• PROBLEM REQUIREMENTS: Give back the whole listing verbatim, printing none of its pictures.

• DATASET EXTRACT:
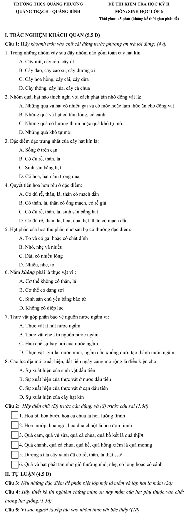 Tìm hiểu thêm »Đề kiểm tra học kì II lớp 6 môn Sinh học trường THCS Quảng Phương, Quảng Trạch - Quảng Bình
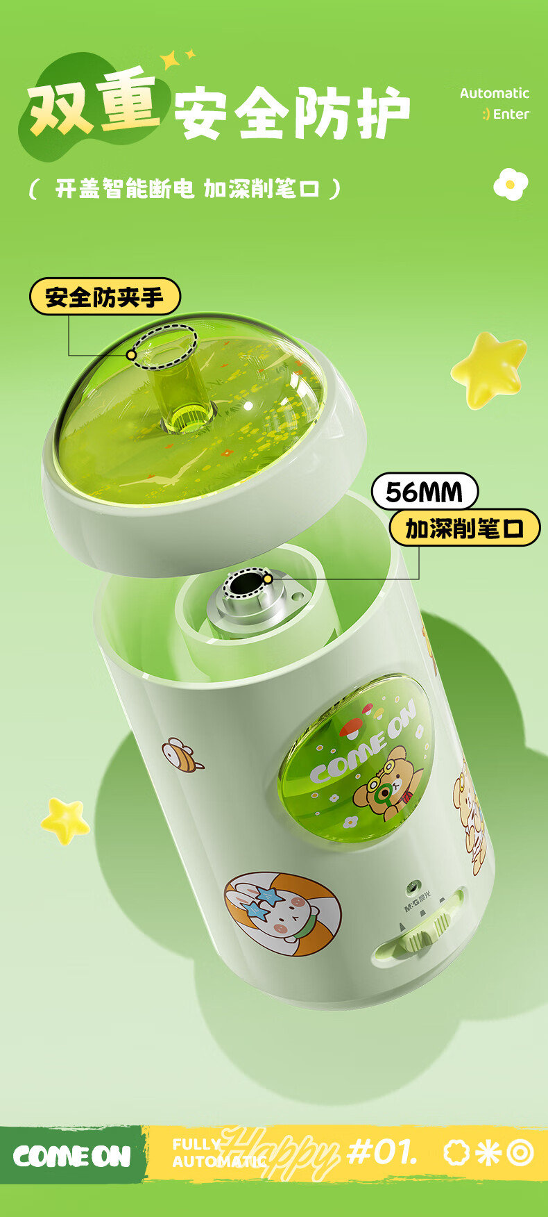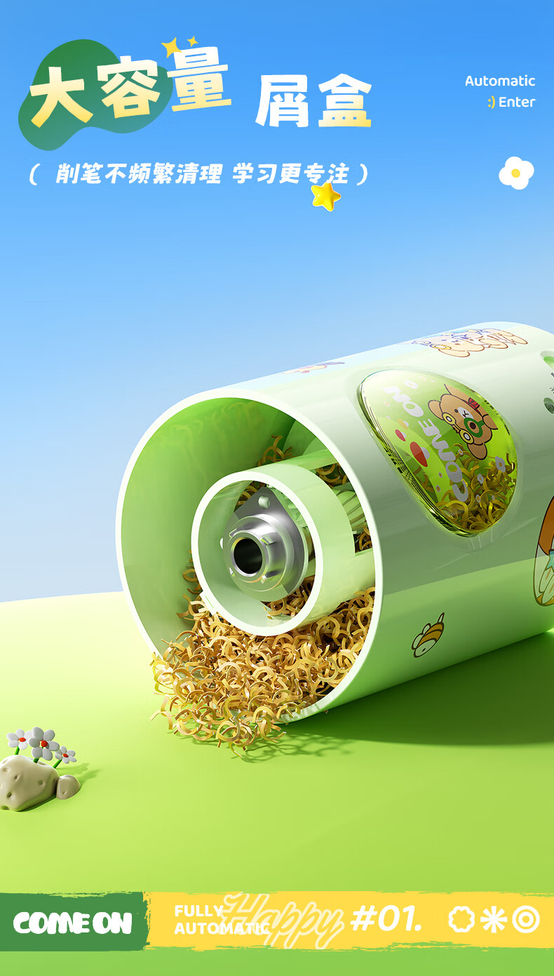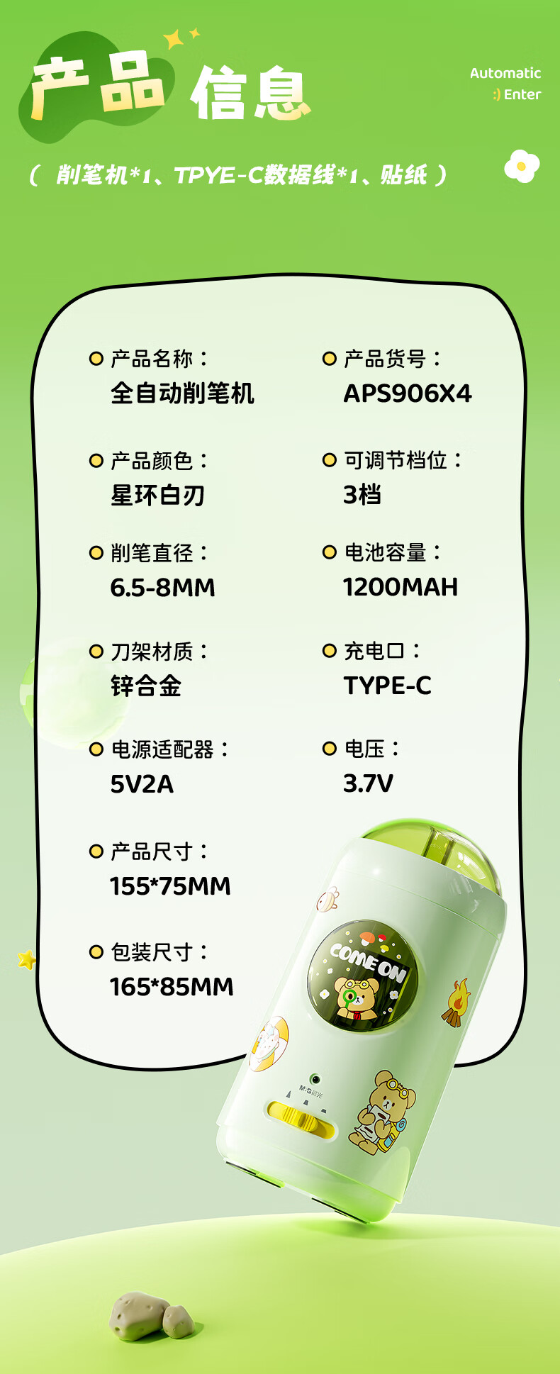 晨光(M&G)文具小宝全自动削笔器三档粗细电动卷笔刀转笔刀铅笔削笔刀一年级礼物APS906X4开学文具
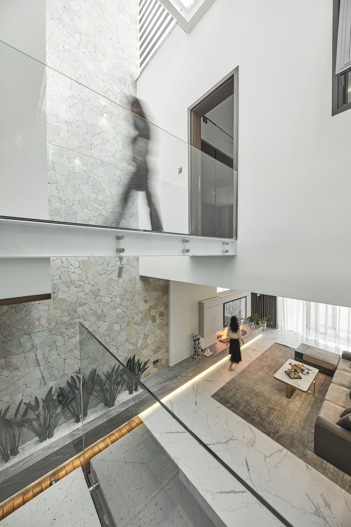 Từ khoảng thông tầng, ánh sáng từ giếng trời xuyên qua cầu kính xuống phòng khách, tạo cảm giác không gian rộng hơn khi tầm nhìn mở rộng theo chiều cao của thông tầng thay vì theo chiều ngang hẹp.

• YOUR SOLUTION:
 Tìm hiểu thêm »Đề kiểm tra học kì II lớp 6 môn Sinh học trường THCS Quảng Phương, Quảng Trạch - Quảng Bình
 晨光(M&G)文具小宝全自动削笔器三档粗细电动卷笔刀转笔刀铅笔削笔刀一年级礼物APS906X4开学文具
 Từ khoảng thông tầng, ánh sáng từ giếng trời xuyên qua cầu kính xuống phòng khách, tạo cảm giác không gian rộng hơn khi tầm nhìn mở rộng theo chiều cao của thông tầng thay vì theo chiều ngang hẹp.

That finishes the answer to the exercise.